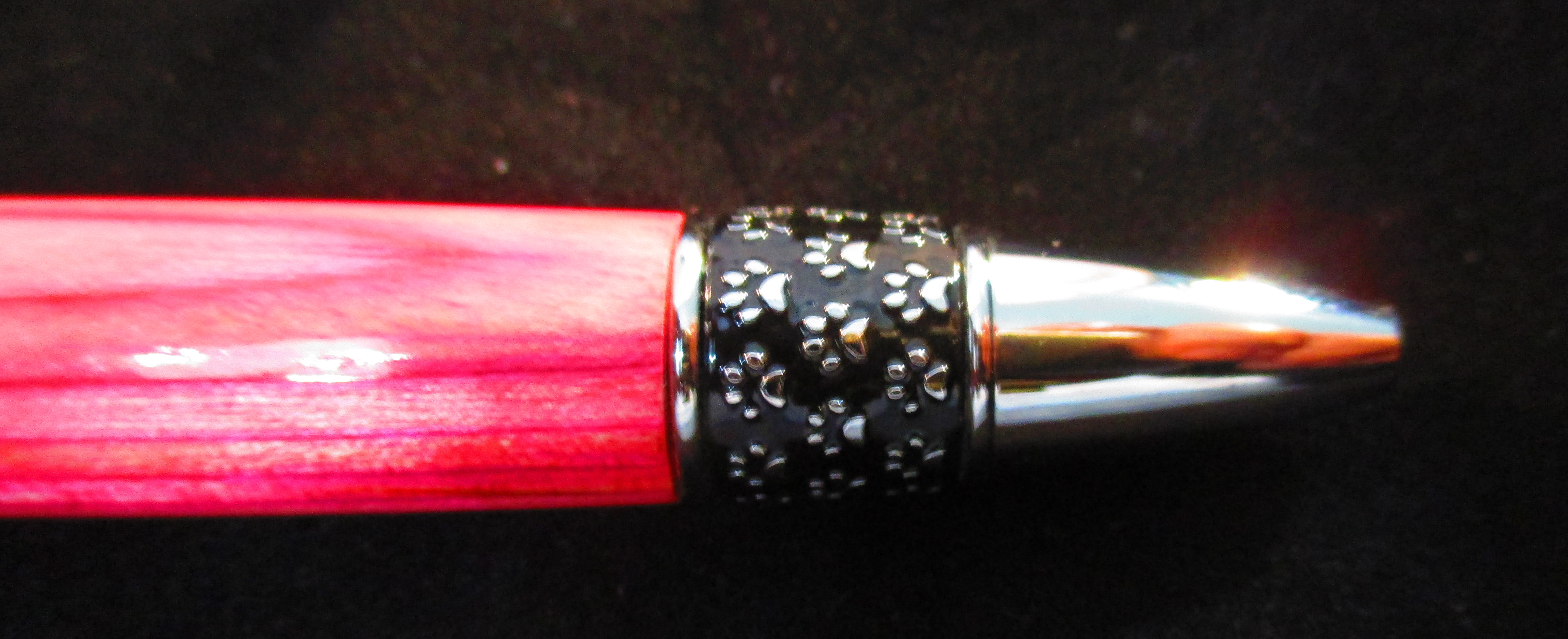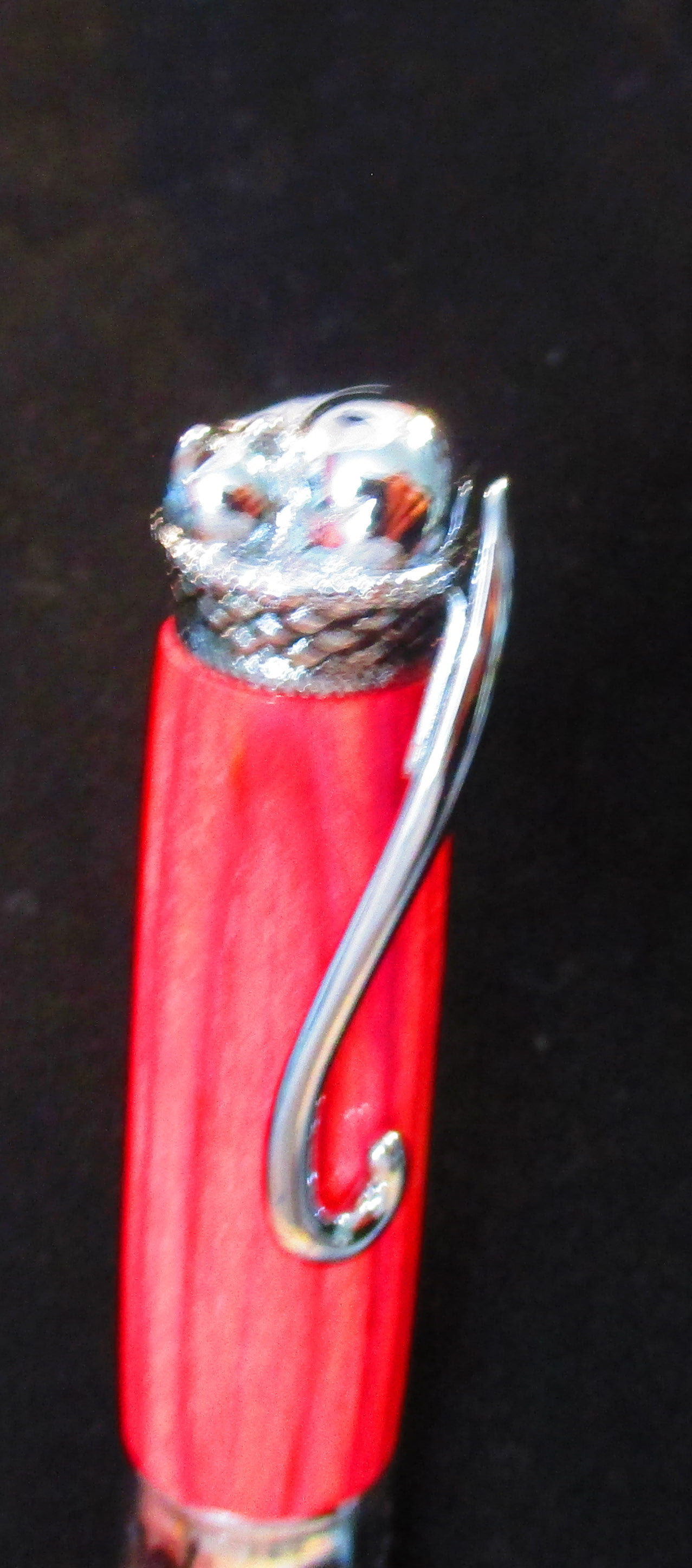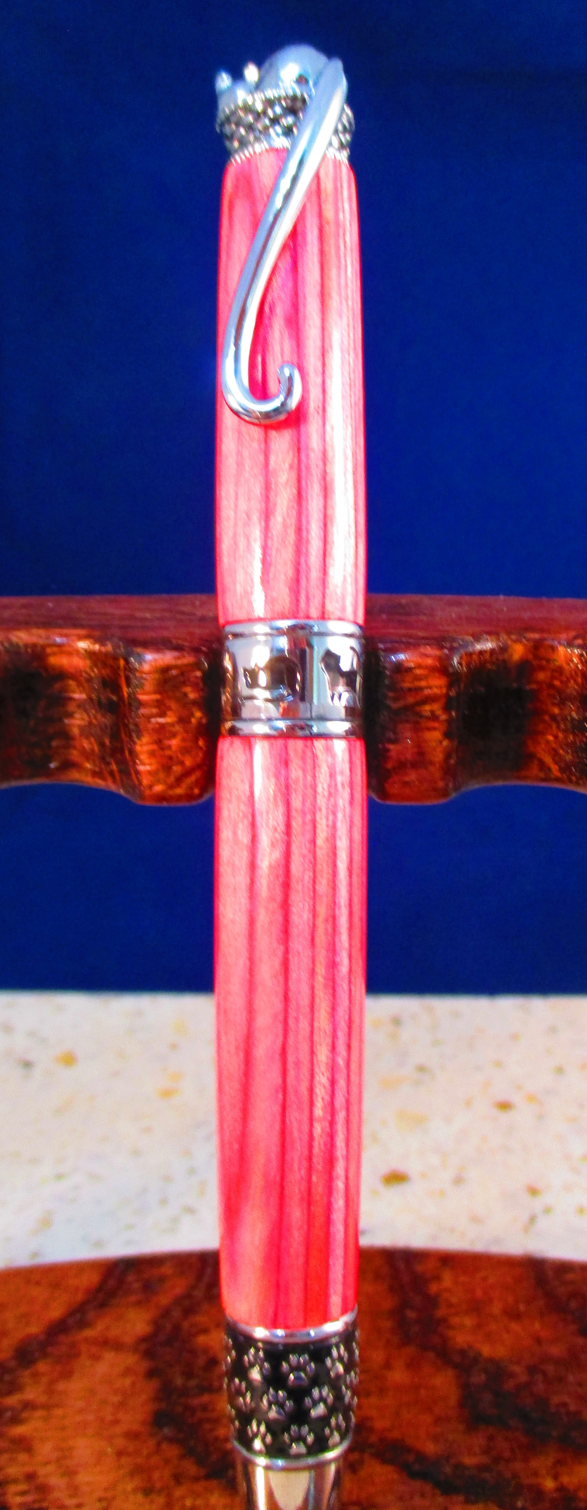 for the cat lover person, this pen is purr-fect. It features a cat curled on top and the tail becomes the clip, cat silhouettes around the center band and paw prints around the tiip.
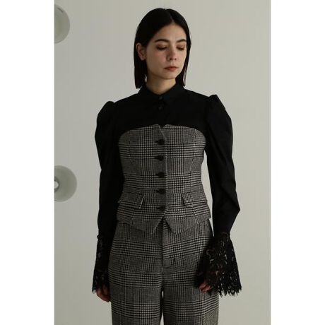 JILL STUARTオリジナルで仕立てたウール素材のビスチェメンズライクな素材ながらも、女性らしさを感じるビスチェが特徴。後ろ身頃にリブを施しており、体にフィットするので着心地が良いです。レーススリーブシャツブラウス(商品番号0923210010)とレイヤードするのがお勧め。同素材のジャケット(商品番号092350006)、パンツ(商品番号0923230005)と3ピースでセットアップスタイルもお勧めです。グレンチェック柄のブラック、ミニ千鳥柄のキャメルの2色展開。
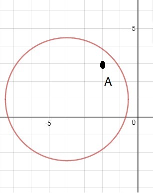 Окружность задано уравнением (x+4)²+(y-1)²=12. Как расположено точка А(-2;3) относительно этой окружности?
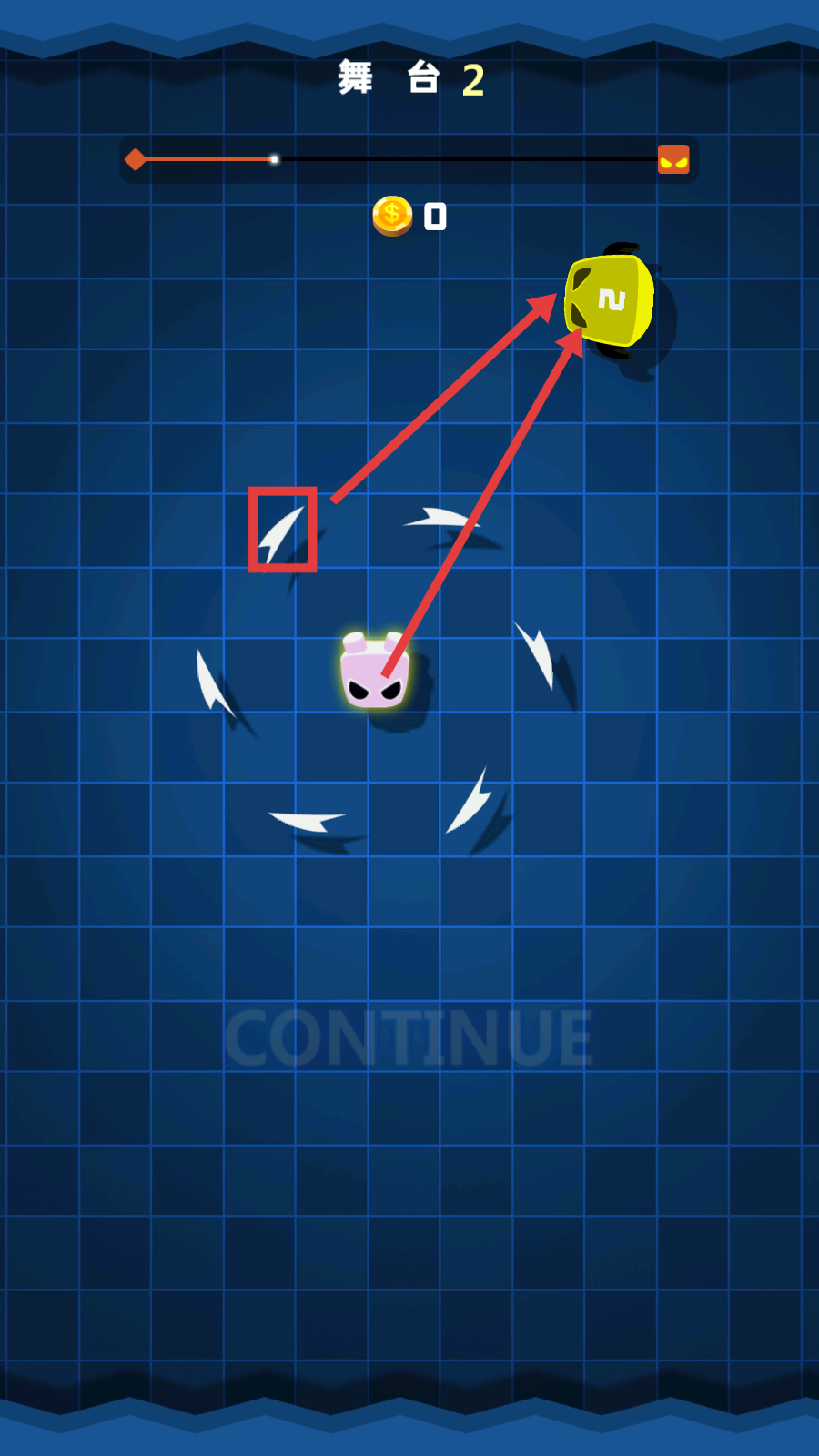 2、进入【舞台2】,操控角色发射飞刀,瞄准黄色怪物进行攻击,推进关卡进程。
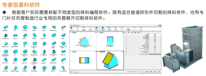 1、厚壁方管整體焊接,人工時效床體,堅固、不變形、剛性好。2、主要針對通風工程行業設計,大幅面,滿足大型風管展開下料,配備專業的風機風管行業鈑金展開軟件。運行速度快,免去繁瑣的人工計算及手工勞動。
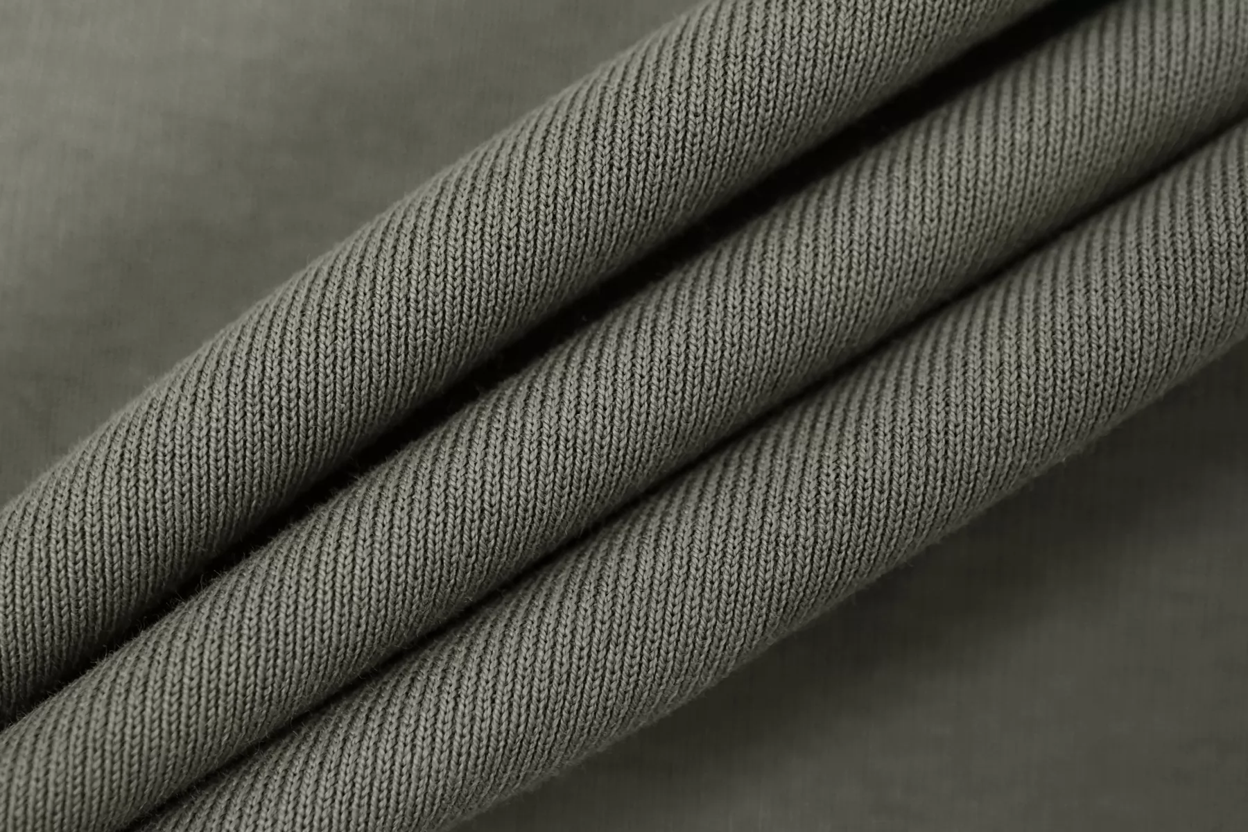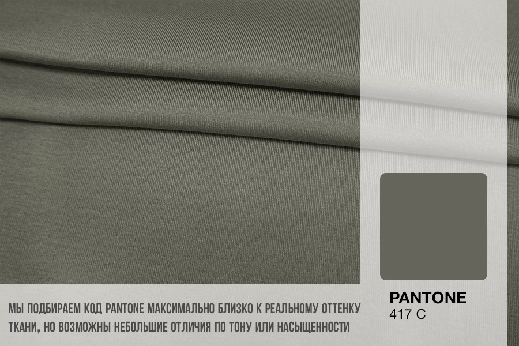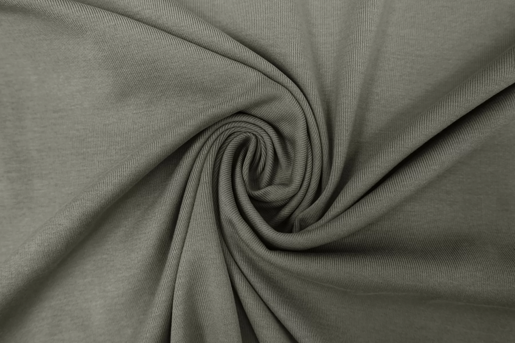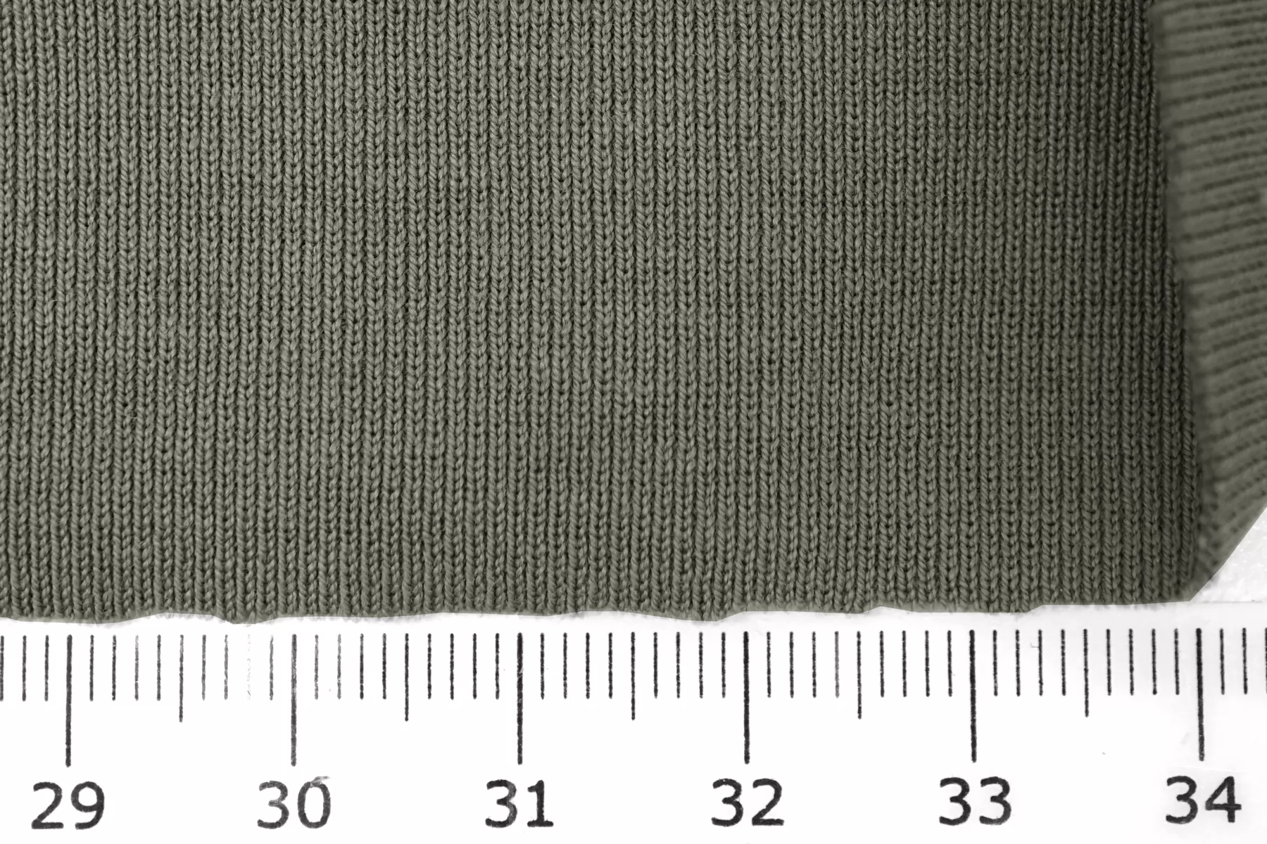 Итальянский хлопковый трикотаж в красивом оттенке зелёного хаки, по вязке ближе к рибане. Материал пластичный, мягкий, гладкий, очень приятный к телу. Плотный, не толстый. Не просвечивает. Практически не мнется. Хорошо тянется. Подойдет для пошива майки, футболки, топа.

******

__PROBLEM__: The entries above need to be transcribed exactly, with the images left out.

__ANSWER TO THIS EXERCISE__:
 for the cat lover person, this pen is purr-fect. It features a cat curled on top and the tail becomes the clip, cat silhouettes around the center band and paw prints around the tiip.
 JILL STUARTオリジナルで仕立てたウール素材のビスチェメンズライクな素材ながらも、女性らしさを感じるビスチェが特徴。後ろ身頃にリブを施しており、体にフィットするので着心地が良いです。レーススリーブシャツブラウス(商品番号0923210010)とレイヤードするのがお勧め。同素材のジャケット(商品番号092350006)、パンツ(商品番号0923230005)と3ピースでセットアップスタイルもお勧めです。グレンチェック柄のブラック、ミニ千鳥柄のキャメルの2色展開。
 Окружность задано уравнением (x+4)²+(y-1)²=12. Как расположено точка А(-2;3) относительно этой окружности?
 2、进入【舞台2】,操控角色发射飞刀,瞄准黄色怪物进行攻击,推进关卡进程。
 1、厚壁方管整體焊接,人工時效床體,堅固、不變形、剛性好。2、主要針對通風工程行業設計,大幅面,滿足大型風管展開下料,配備專業的風機風管行業鈑金展開軟件。運行速度快,免去繁瑣的人工計算及手工勞動。
 Итальянский хлопковый трикотаж в красивом оттенке зелёного хаки, по вязке ближе к рибане. Материал пластичный, мягкий, гладкий, очень приятный к телу. Плотный, не толстый. Не просвечивает. Практически не мнется. Хорошо тянется. Подойдет для пошива майки, футболки, топа.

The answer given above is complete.